CIE Spotlight: Modelling grouped survival times in toxicological studies using Generalized Additive Models

Title: Modelling grouped survival times in toxicological studies using Generalized Additive Models

Authors: Candy, S. G.; Sfiligoj, B. J.; King, C. K.; Mondon, J. A.


Brief summary of the paper: A method for combining a proportional-hazards survival time model with a bioassay model where the log-hazard function is modelled as a linear or smoothing spline function of log-concentration combined with a smoothing spline function of time is described.

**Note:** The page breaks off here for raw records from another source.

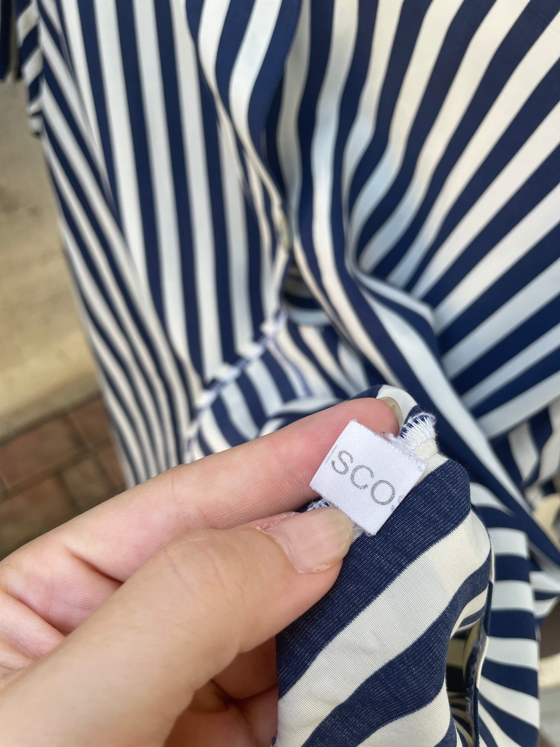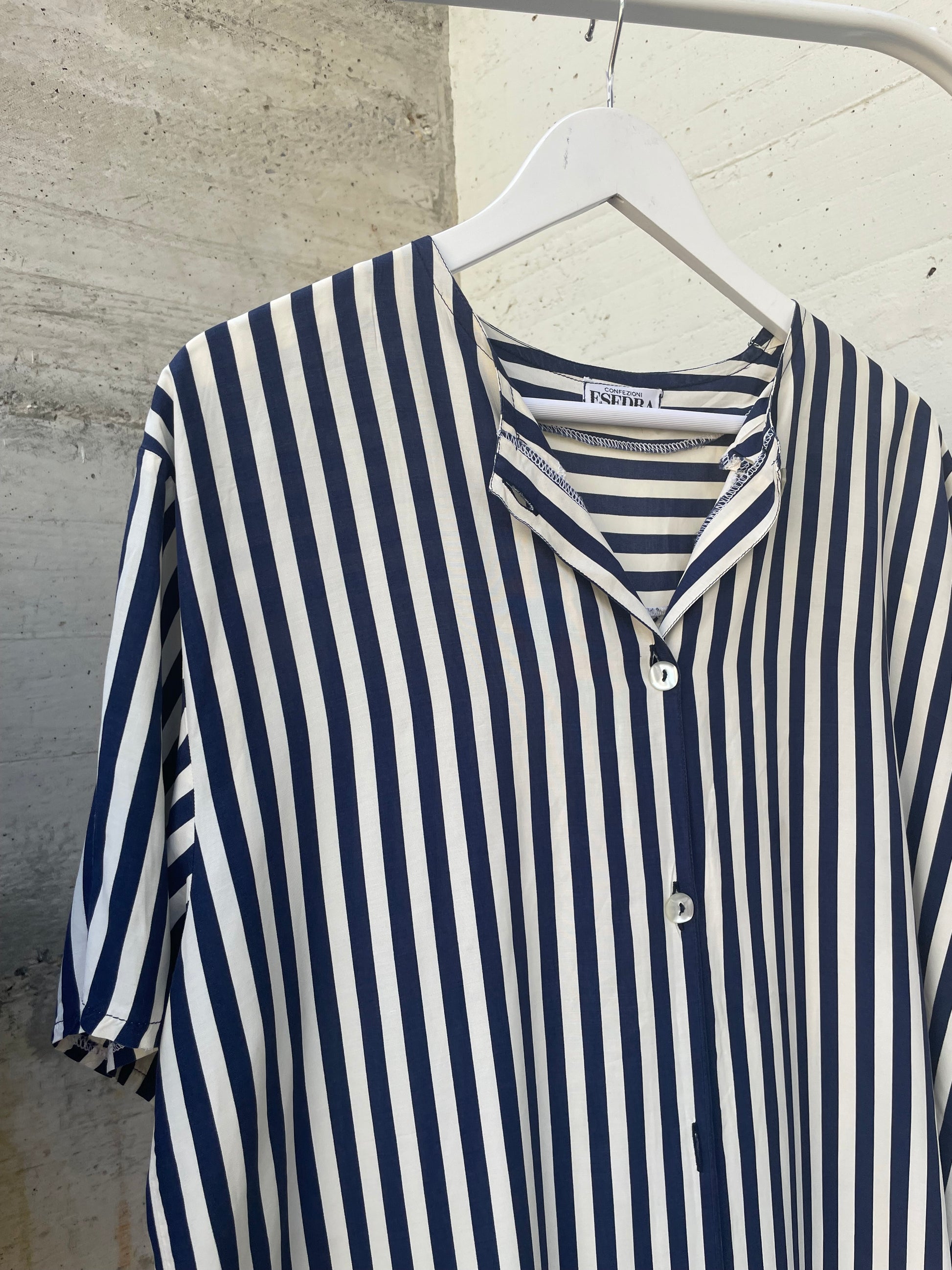 Produzione sartoriale Made in Italy, a righe verticali bianche e blu. Collo a barchetta, chiusura con bottoncini e spacchetti tondi laterali.
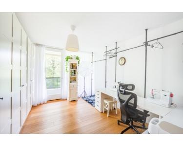 Die drei Schlafzimmer sind nach Westen ausgerichtet und teilen sich einen überdachten Balkon. Ein weiteres Zimmer befindet sich auf der Ost-Seite der Wohnung und wird derzeit als Arbeitszimmer mit kleinem Balkon genutzt.
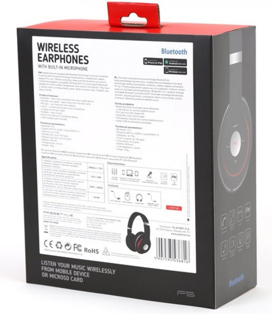 bezdrátová 24 Ohm 8 h TWS – True Wireless Stereo k mobilním telefonům 20000 Hz 20 Hz Platinet 103 dB/mW přes hlavu (náhlavní) USB plná bílá 150 g

The combined model is fitted to mortality numbers, resulting from survival times that are grouped due to a common set of observation times, using Generalized Additive Models (GAMs). The GAM fits mortalities as conditional binomials using an approximation to the log of the integral of the hazard function and is implemented using freely-available, general software for fitting GAMs. Extensions of the GAM are described to allow random effects to be fitted and to allow for time-varying concentrations by replacing time with a calibrated cumulative exposure variable with calibration parameter estimated using profile likelihood.

The models are demonstrated using data from a studies of a marine and a, previously published, freshwater taxa. The marine study involved two replicate bioassays of the effect of zinc exposure on survival of an Antarctic amphipod, Orchomenella pinguides. The other example modelled survival of the daphnid, Daphnia magna, exposed to potassium dichromate and was fitted by both the GAM and the process-based DEBtox model.

The GAM fitted with a cubic regression spline in time gave a 61 % improvement in fit to the daphnid data compared to DEBtox due to a non-monotonic hazard function.

A simulation study using each of these hazard functions as operating models demonstrated that the GAM is overall more accurate in recovering lethal concentration values across the range of forms of the underlying hazard function compared to DEBtox and standard multiple endpoint probit analyses.